L’ennui c’est qu’il s’agit d’une information complètement fantaisiste, une pure construction de l’esprit, justement.

On ne trouve nulle part cette histoire imaginaire de commandement « Au temps ! », ni à l’armée (qui a pourtant donné « En deux temps trois mouvements ») , ni dans les salles de gym. Et surtout pas chez les chefs d’orchestre : des musiciens qui travaillent reprennent à telle mesure, pas au « temps », c’est saugrenu !

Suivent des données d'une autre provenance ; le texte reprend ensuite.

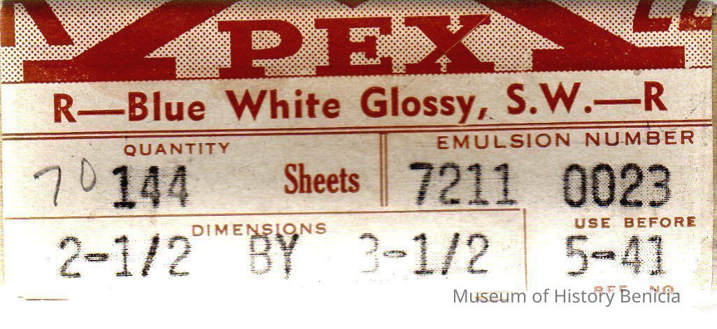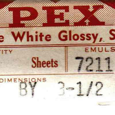 Defender Photo Supply photo paper. 21/2 x 31/2 blue white glossy. use by date 5/1941. Box contains 2 sheets.

La graphie « autant pour moi », qui est selon lui une locution elliptique de modestie (« avec un brin d’autodérision ») signifierait « Je ne suis pas meilleur qu’un autre, j’ai autant d’erreurs que vous à mon service : autant pour moi ! ». En outre, il la lie à une ancienne expression, « autant pour le brodeur », relevée dans Curiositez françoises pour supplément aux dictionnaires (1640) d’Antoine Oudin, qui signifie, selon le Littré, qu’on n’ajoute aucune foi à un récit. 

Grevisse a émis l’hypothèse que « au temps » pourrait être une dérivation de « autant ». Pour André Thérive, « au temps » pourrait être un substitut pédantesque de « autant » (Querelles de langage). Toutefois, on trouve « au temps pour moi » dès la fin du XIXe siècle, ce qui n’est pas le cas de « autant pour moi » (employé comme formule). 

Très grave ; cas de conseil !!! D’ailleurs, au temps pour moi : maladresse !

La Caricature, 1892

Enfin, Bernard Cerquignlini note dans ses Petites chroniques du français comme on l’aime (2012) que la graphie « au temps » tend à disparaître au profit de autant (et donc « autant en emporte le vent ! » ). Il est vrai qu’elle paraît plus naturelle.